Top of TASK DATA
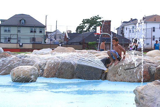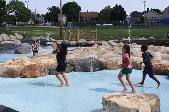 This exciting new spray park is located in Joslin Park behind the William D’Abate Elementary School in the Olneyville neighborhood of Providence. Gardner + Gerrish designed an alternate form of spray park that allows for multi seasonal use for the community. The dynamic facility replaced an aging and debilitated pool complex. Exposing urban children to adventure play was the driving force in the conceptual design. A native boulder strewn ‘stream’ for climbing and negotiating was part of the spray pad development integrated with a playground design with slides, “dock” and “bridge” over the spray pads outlet.
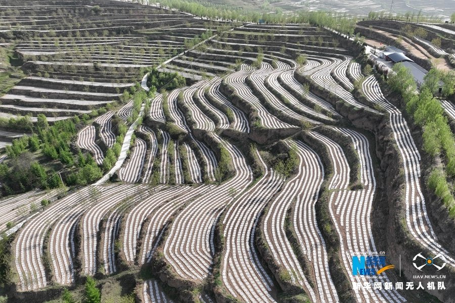 甘肃省陇南市西和县兴隆镇王家梁万亩产业种植基地,千余亩玉米完成地膜覆盖。放眼望去,梯田层层叠叠,一垄垄覆好的地膜随山势蜿蜒,宛如大地“台阶”。(文字:梁云霞)
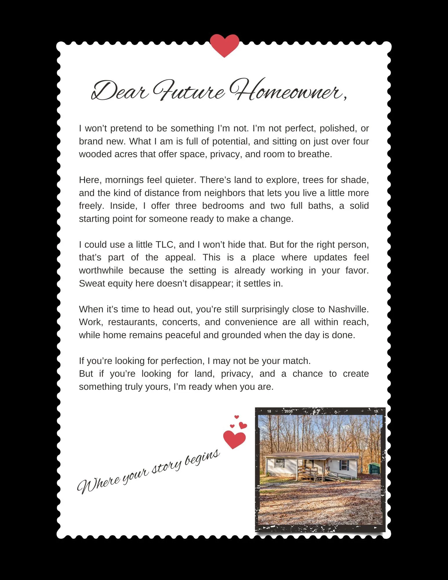 Located in Ashland City with a quick, workable commute to Nashville, this property offers space and freedom while still maintaining access to work, dining, and conveniences. Ideal for buyers who prioritize acreage, affordability, and potential.
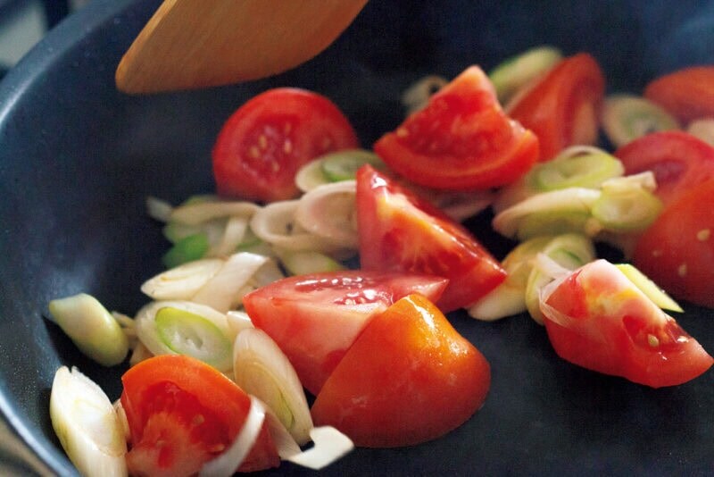 3. 残りのサラダ油を入れて火を強め、長ねぎを入れて炒め、香りが立ったらトマトを加えて1 分ほど炒める。
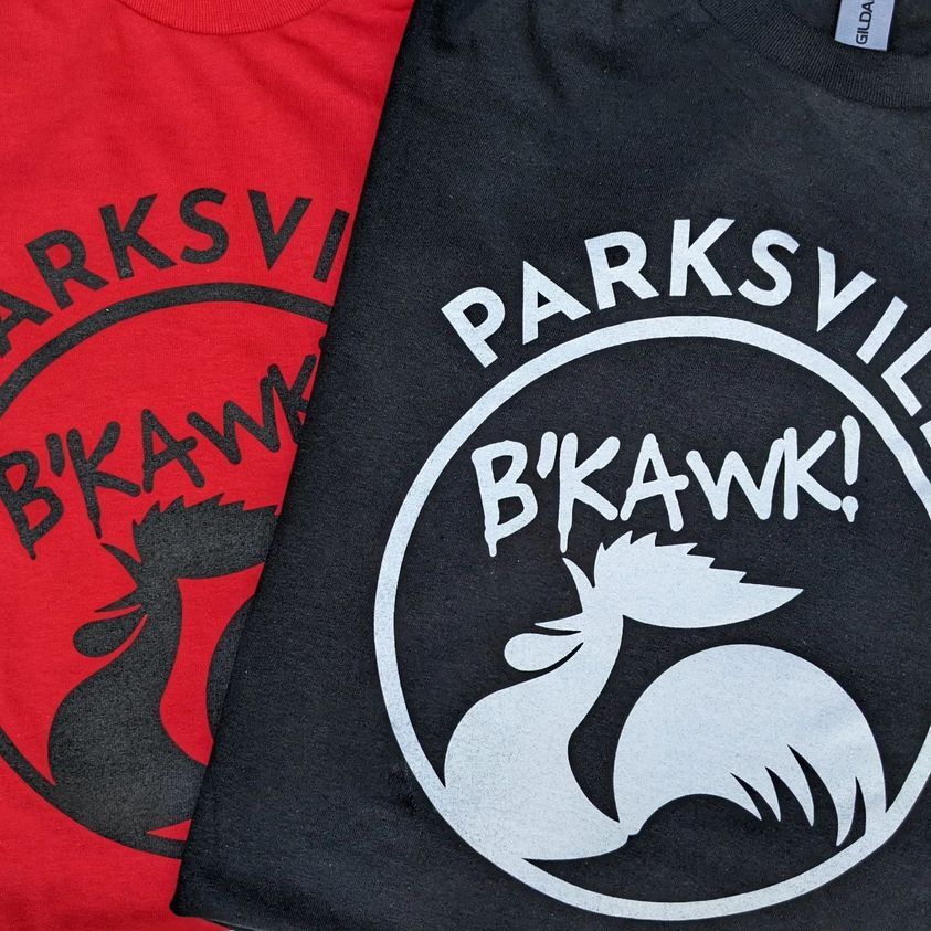 Van was running a booth with a small t-shirt printing setup, to make more B’Kawk shirts if needed, and to plug his own business. I was going to help him set up and whatever was needed, until I had to leave for PA. I’d forgotten that Van was the sort of musician who would enthusiastically throw together performers to play, unrehearsed, at this sort of thing, and had been drafted to play trumpet for the Chicken Dance for one of the kids events. Sure, why not?
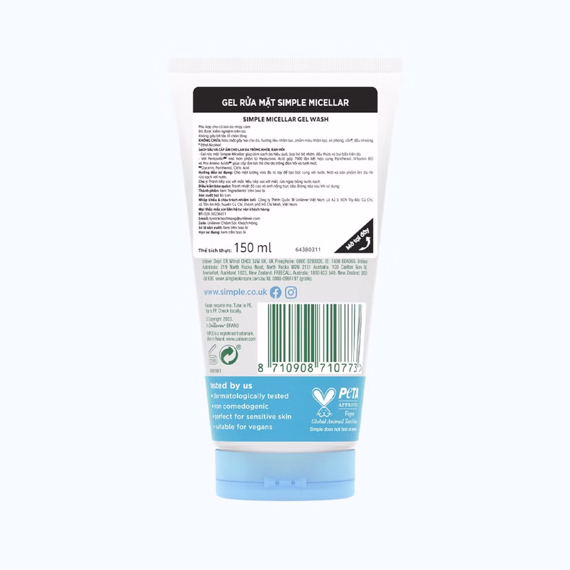 Sữa Rửa Mặt Simple Sạch Sâu Và Cấp Ẩm (Tuýp 150ml)
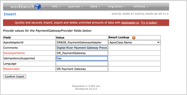 // WebStore query values String webstoreName = 'DR Sync Store'; // Enter your webstore name // ApexClass query values String apexClassname = 'DRB2B_CartTaxCalculations'; String status = 'Active'; // RegisteredExternalService insert values String registeredProviderType = 'Tax'; String registeredDevName = 'DR_COMPUTE_TAXES'; String registeredLabel = registeredDevName; // StoreIntegratedService insert values String devname = registeredDevName; String prefix = registeredProviderType; String prefixedName = prefix + '__' + devname; // locate webstore WebStore webStore = Database.query('SELECT Id FROM WebStore WHERE Name = :webstoreName LIMIT 1'); String webStoreId = webStore.Id; System.debug('webStoreId:' + webStoreId); // locate apex class Id ApexClass apexClass = Database.query('SELECT Id FROM ApexClass WHERE Status=:status AND Name=:apexClassname LIMIT 1'); String apexClassId = apexClass.Id; System.debug('apexClassId:' + apexClassId); // locate apex in RegisteredExternalService String registeredIntegrationId = null; try { RegisteredExternalService registeredExternalService = Database.query('SELECT Id FROM RegisteredExternalService WHERE ExternalServiceProviderId=:apexClassId AND DeveloperName=:registeredDevName AND ExternalServiceProviderType=:registeredProviderType LIMIT 1'); registeredIntegrationId = registeredExternalService.Id; System.debug('apex class registration: FOUND ' + registeredIntegrationId); //delete registeredExternalService; // optionally remove if needed } catch (QueryException q) { System.debug('apex class registration: MISSING ' + apexClassId); insert new RegisteredExternalService(DeveloperName = registeredDevName, MasterLabel = registeredLabel, ExternalServiceProviderId = apexClassId, ExternalServiceProviderType = registeredProviderType); RegisteredExternalService registeredExternalService = Database.query('SELECT Id FROM RegisteredExternalService WHERE ExternalServiceProviderId = :apexClassId LIMIT 1'); registeredIntegrationId = registeredExternalService.Id; System.debug('apex class registration: INSERTED ' + registeredIntegrationId); }Select Id, ExternalServiceProviderId, ExternalServiceProviderType, DeveloperName From RegisteredExternalService Where ExternalServiceProviderType = 'Tax'
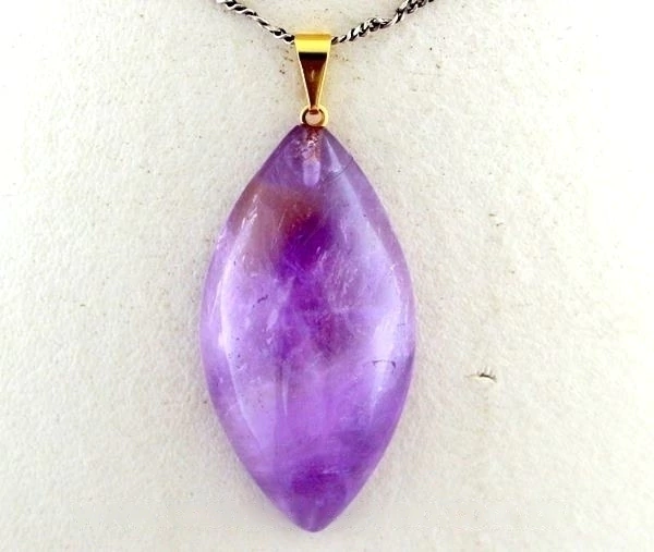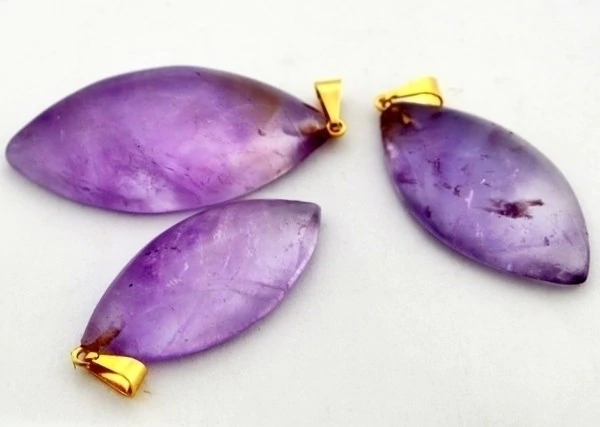 Pingente Navete Folha Ametista Lapidação manual, mineral de garimpo pedra natural Montagem Furado Pino + Perinha para colar
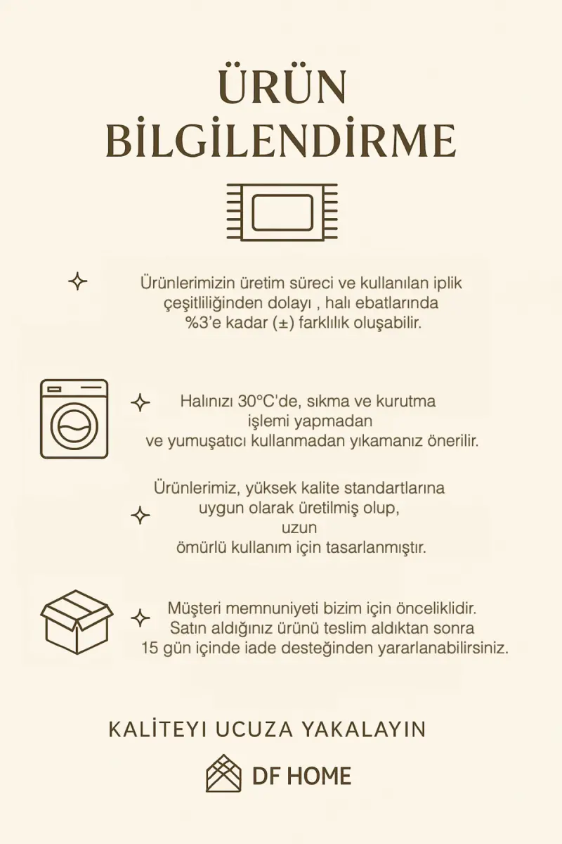 Bu ürün DF HOME tarafından gönderilecektir.Kampanya fiyatından satılmak üzere 100 adetten fazla stok sunulmuştur.İncelemiş olduğunuz ürünün satış fiyatını satıcı belirlemektedir.Bu ürünü satın aldıktan sonra iptal etmek istemeniz durumunda ilgili üründen satın alınan adedin hepsi iptal edilecektir.Bir ürün, birden fazla satıcı tarafından satılabilir. Birden fazla satıcı tarafından satışa sunulan ürünlerin satıcıları ürün için belirledikleri fiyata, satıcı puanlarına, teslimat statülerine, ürünlerdeki promosyonlara, kargonun bedava olup olmamasına ve ürünlerin hızlı teslimat ile teslim edilip edilememesine, ürünlerin stok ve kategorileri bilgilerine göre sıralanmaktadır.Bu üründen en fazla 10 adet sipariş verilebilir. 10 adedin üzerindeki siparişleri Trendyol iptal etme hakkını saklı tutar. Belirlenen bu limit kurumsal siparişlerde geçerli olmayıp, kurumsal siparişler için farklı limitler belirlenebilmektedir.15 gün içinde ücretsiz iade. Detaylı bilgi için [page="return_conditions"]tıklayın .Polyester kumaştan üretilen bu salon halısı, uzun süreli kullanıma dayanıklıdır.Orta hav yüksekliği (6-12 mm) ile konforlu bir adım hissi sağlar ve kayma riskini azaltır.Dijital baskı teknolojisi sayesinde canlı ve net tasarımlara sahip olup, mekanınıza modern bir dokunuş katar.Dot tabanı sayesinde zeminde sabit durur ve kaymaz özelliğiyle güvenli adımlar sunar.Modern tema/stiliyle evinizin dekorasyonuna çağdaş bir hava katar.Saçaksız (overlok) tasarımı, temizliği kolaylaştırır ve estetik bir görünüm sağlar.Mutfak gibi yoğun trafiğin olduğu alanlar için idealdirleke tutmayan özelliği ile pratik kullanım imkanı sunar.Dikdörtgen şekli, farklı boyutlardaki alanlara kolayca uyum sağlayarak mekânınızda esneklik kazandırır.
Bottom of TASK DATA
* _PROMPT_
Instructions for the copy: start at the first entry, stop after the line containing "甘肃省陇南市西和县兴隆镇王家", keep every line exact, and drop the pictures.

* _RESULT OF THIS EXERCISE_
 This exciting new spray park is located in Joslin Park behind the William D’Abate Elementary School in the Olneyville neighborhood of Providence. Gardner + Gerrish designed an alternate form of spray park that allows for multi seasonal use for the community. The dynamic facility replaced an aging and debilitated pool complex. Exposing urban children to adventure play was the driving force in the conceptual design. A native boulder strewn ‘stream’ for climbing and negotiating was part of the spray pad development integrated with a playground design with slides, “dock” and “bridge” over the spray pads outlet.
 甘肃省陇南市西和县兴隆镇王家梁万亩产业种植基地,千余亩玉米完成地膜覆盖。放眼望去,梯田层层叠叠,一垄垄覆好的地膜随山势蜿蜒,宛如大地“台阶”。(文字:梁云霞)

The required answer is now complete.